Luxury bags are displayed in a store along Broadway in New York City. Luxury apparel spending has slumped in early holiday 2023 sales. Spencer Platt via Getty Images
By Howard Ruben
Source: www.fashiondive.com, November 2023


While Black Friday online apparel shopping surged, aspirational shoppers have pared back spending on high-end goods on the heels of economic headwinds.

Dive Brief:

  • U.S. sales of luxury apparel stagnated during the November early holiday period, with much of the decline attributed to “aspirational shoppers” holding back on expensive purchases, according to a report from Earnest Analytics credit card data, which the company said is based on millions of U.S. accounts.
  • The study, which was released before Black Friday, covered online and in-store U.S. sales from Nov. 1 to Nov. 8, reported luxury apparel sales dropped 21% year over year, with general apparel down 8%, active athleisure dipping 4%, fashion resale and footwear off by 11%, and fast fashion sales flat.
  • Figures from Adobe Analytics show that online-only apparel sales from Black Friday were up 136% year over year, and online apparel sales on Nov. 25 and Nov. 26 were up 154% year over year, indicating that shoppers may have been holding out for digital deals during the earlier part of the month.

Dive Insight:

Online consumers spent a record $9.8 billion on Black Friday, up 7.5% from last year, according to Adobe Analytics.

However, luxury doesn’t seem to be getting a boost from e-commerce, in part because luxury customers don’t tend to spend significantly online, often preferring boutique and in-store experiences.

That means some of the luxury brands that have felt a softening throughout the year may have to wait for late season numbers before seeing any year-end boosts.

“In 2023, the aspirational luxury consumer’s spending has experienced a decline due to a combination of economic factors and shifting trends; nevertheless, a potential revival is anticipated during the holiday season, offering a timely boost to their expenditures,” Nora Kleinewillinghoefer, partner in the consumer practice of Kearney, said in an email to Fashion Dive. “Many luxury shoppers now seek unique, niche, or artisanal products, which are often better curated in specialized boutiques or through direct-to-consumer channels, as opposed to broader or more generalized stores. Luxury brands are therefore increasingly focusing on establishing their own flagship stores and exclusive boutiques, creating a direct connection with consumers.”
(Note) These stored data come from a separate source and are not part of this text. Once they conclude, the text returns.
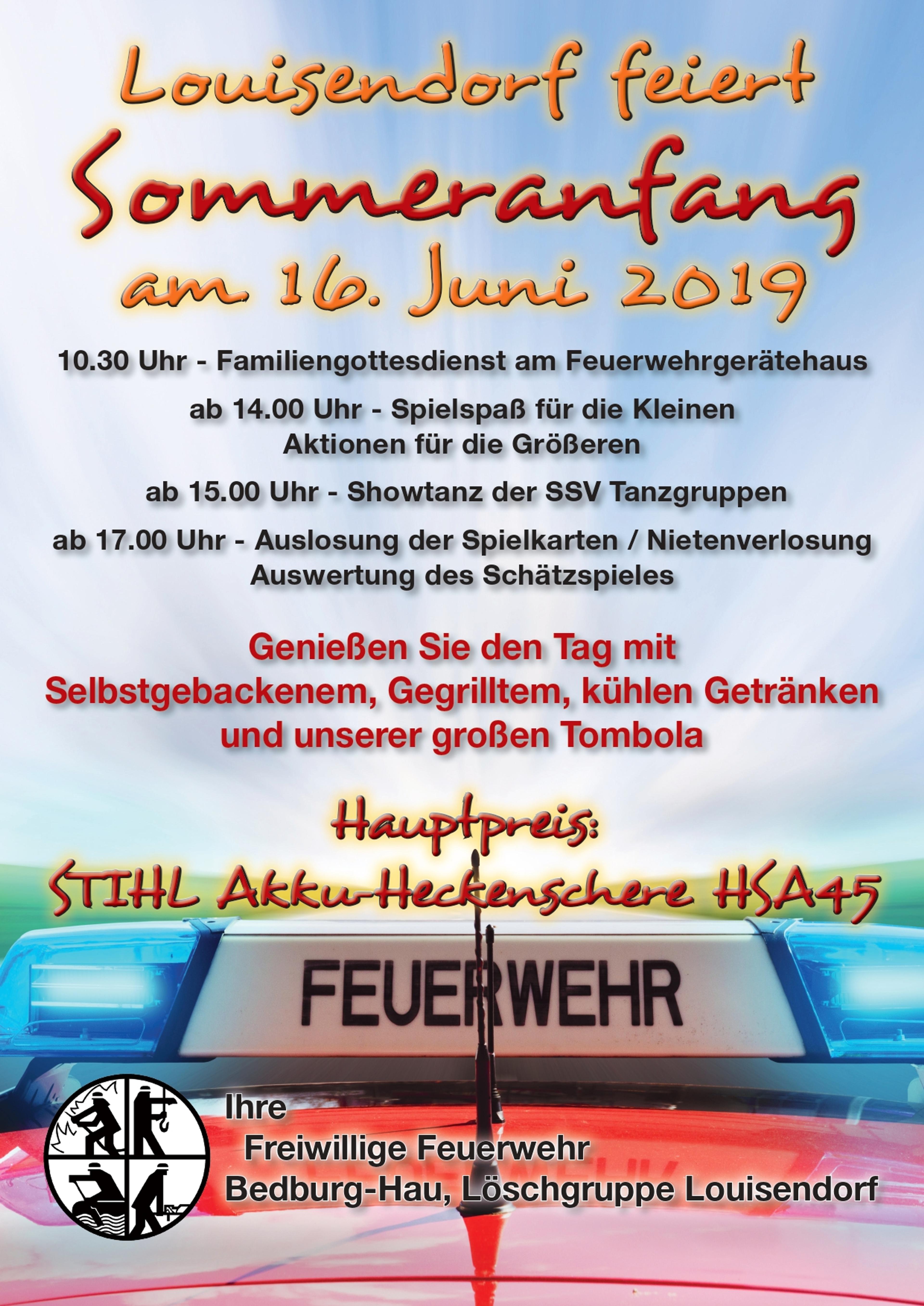 Zum 33. Mal feiert die Freiwillige Feuerwehr Bedburg-Hau ihr traditionelles Sommerfest in Louisendorf. Die Wehrmänner und -frauen laden am Sonntag, 16. Juni 2019, ab 10:30 Uhr ein. Gefeiert wird am Gerätehaus an der Hauptstraße. Herzlich willkommen sind alle großen und kleinen Feuerwehrbegeisterten.
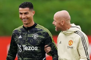 Cristiano Ronaldo ri enquanto conversa com Erik ten Hag no Manchester United (PA Images / Alamy Stock Photo)
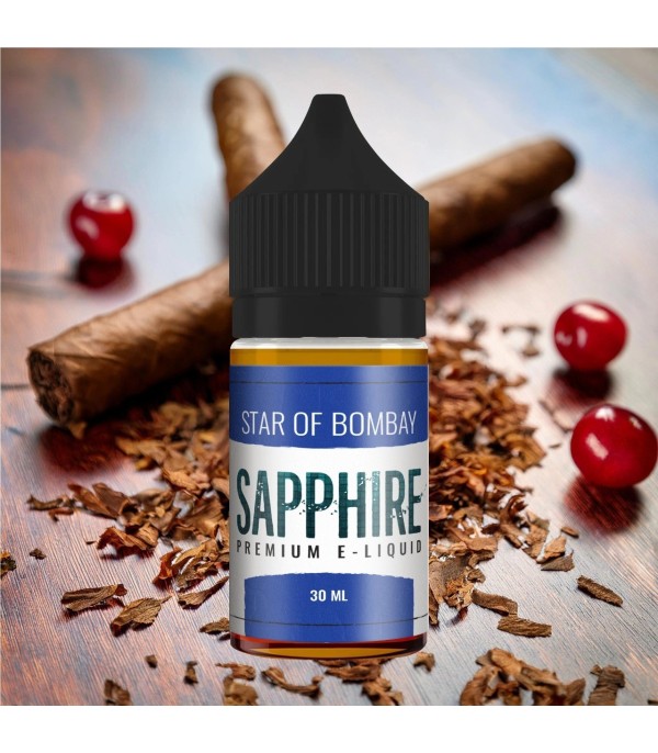 Sapphire Star of Bombay Premium E-Liquid 30 ML şişesi tütünlü arka planda.
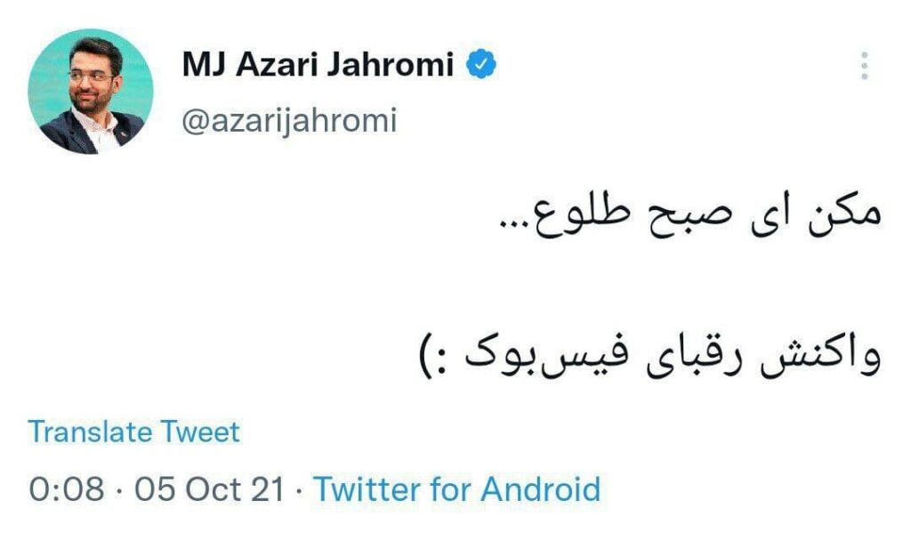 آذری جهرمی وزیر سابق ارتباط با انتشار توییت زیر به اختلال فیس بوک و پیام رسان هایش واکنش نشان داد.
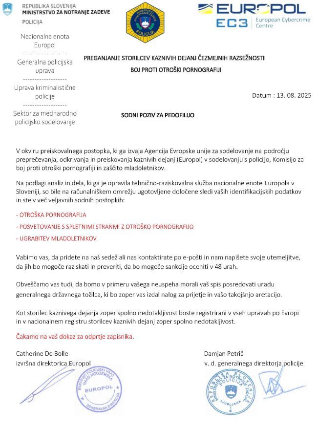 Policija ponovno prejema prijave o širjenju lažnega dopisa, ki ga v imenu policije pošiljajo spletni goljufi, zato znova opozarjajo na previdnost. Na tovrstna sporočila se ne odzivajte.
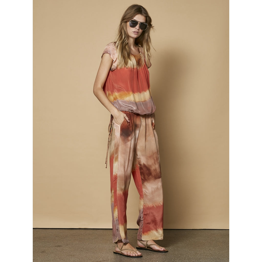 The trousers have straight, wide legs and a light, airy fit, which creates a relaxed look. They are made in a soft and smooth viscose quality and have elastic on the sides of the waistband for extra comfort. The broad tie-dye print adds a modern and creative twist to the simple cut.
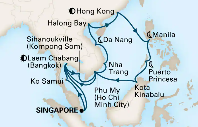 Toutes les escales et les amplitudes horaires indiquées sont données à titre indicatif et sont susceptibles d’être modifiées par les compagnies maritimes à tout moment, avant le départ ou pendant la croisière.
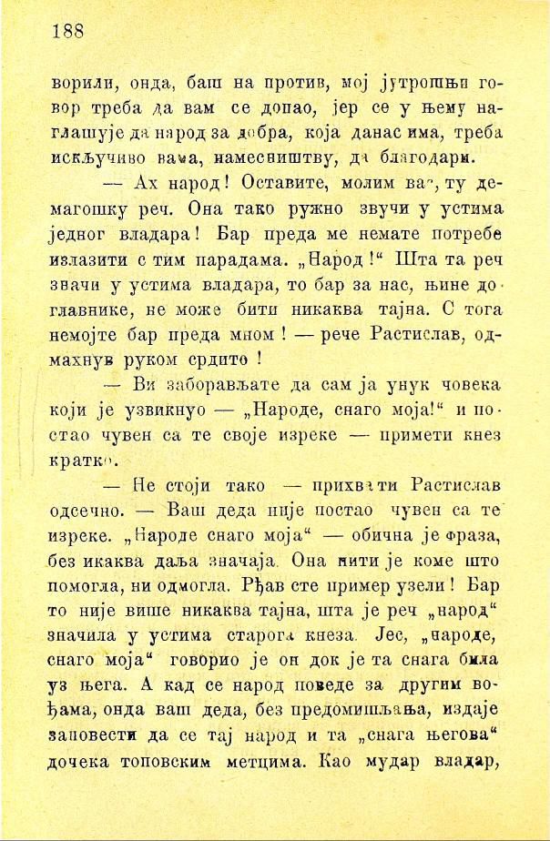 — Ах народ! Оставите, молим вас, ту демагошку реч. Она тако ружно звучи у устима једног владара! Бар преда ме немате потребе излазити с тим парадама. „Народ!“ Шта та реч значи у устима владара, то бар за нас, њине доглавнике, не може бити никаква тајна. С тога немојте бар преда мном! — рече Растислав, одмахнув руком срдито!
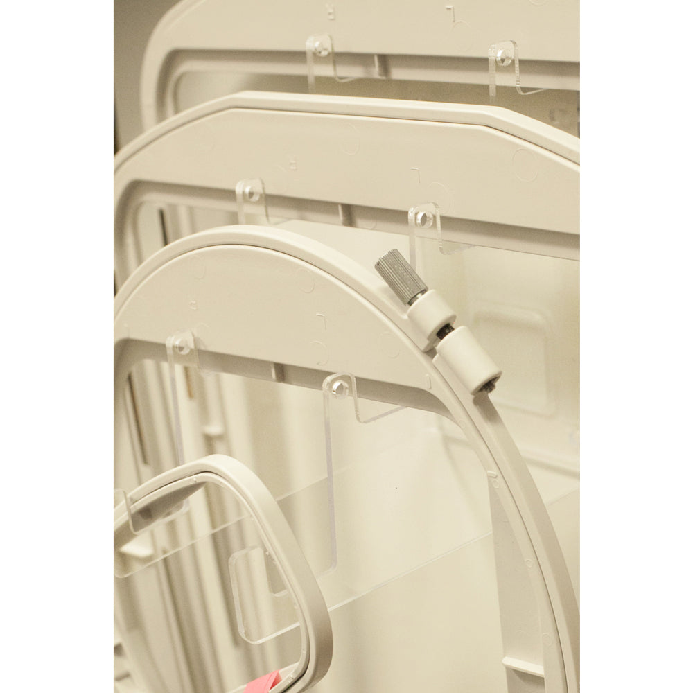 At Last a practical way to store your embroidery hoops rather than a heap in a drawer! 4 tiers allow you to arrange your hoops in an accessible and safe way.
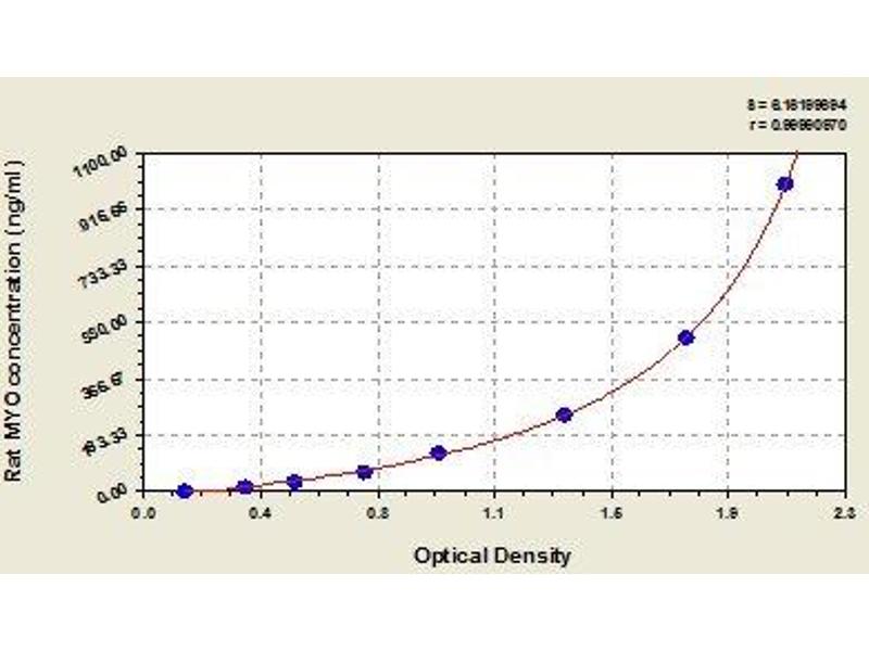 - This assay employs the quantitative sandwich enzyme immunoassay technique. Antibody specific for MYO has been pre-coated onto a microplate. Standards and samples are pipetted into the wells and any MYO present is bound by the immobilized antibody. After removing any unbound substances, a biotin-conjugated antibody specific for MYO is added to the wells. After washing, avidin conjugated Horseradish Peroxidase (HRP) is added to the wells. Following a wash to remove any unbound avidin-enzyme reagent, a substrate solution is added to the wells and color develops in proportion to the amount of MYO bound in the initial step. The color development is stopped and the intensity of the color is measured.

While Earnest Analytics won’t release exact updates on the holiday figures until the first week of December, Michael Maloof, head of marketing at Earnest Analytics, said early trend numbers are “largely unchanged in the several days after the original data’s release.”

“Luxury is still a strong segment with the high end customer, [but] the issue has been weakness in aspirational shoppers who are likely stretching for luxury items,” Maloof said in an email. “We attribute this weakness to overall economic headwinds, resumption of student loan payments, and possibly the transition to experiential spending over goods.”

Even within lower-priced goods, the contrast between fast fashion and general apparel was apparent, according to Earnest Analytics. Fast fashion brands such as Shein (29%), Abercrombie & Fitch (7%) and American Eagle (7%), all increased year-over-year, a sign that consumers were shopping for less expensive apparel.

Discount online marketplace Temu grew more than 1,800% year over year despite facing legal scrutiny; meanwhile, reflective of the sluggish luxury market, Neiman Marcus’ numbers were down 29% from the same November period of 2022, per the report.

“Discounters are doing well in general, especially TJX and Shein, which sell the latest trends at a fraction of the price,” said Maloof. “Consumers seem to be gravitating toward value so far this season. Luxury is still a strong segment with the high end customer, the issue has been weakness in aspirational shoppers who are likely stretching for luxury items. We attribute this weakness to overall economic headwinds, resumption of student loan payments, and possibly the transition to experiential spending over goods.”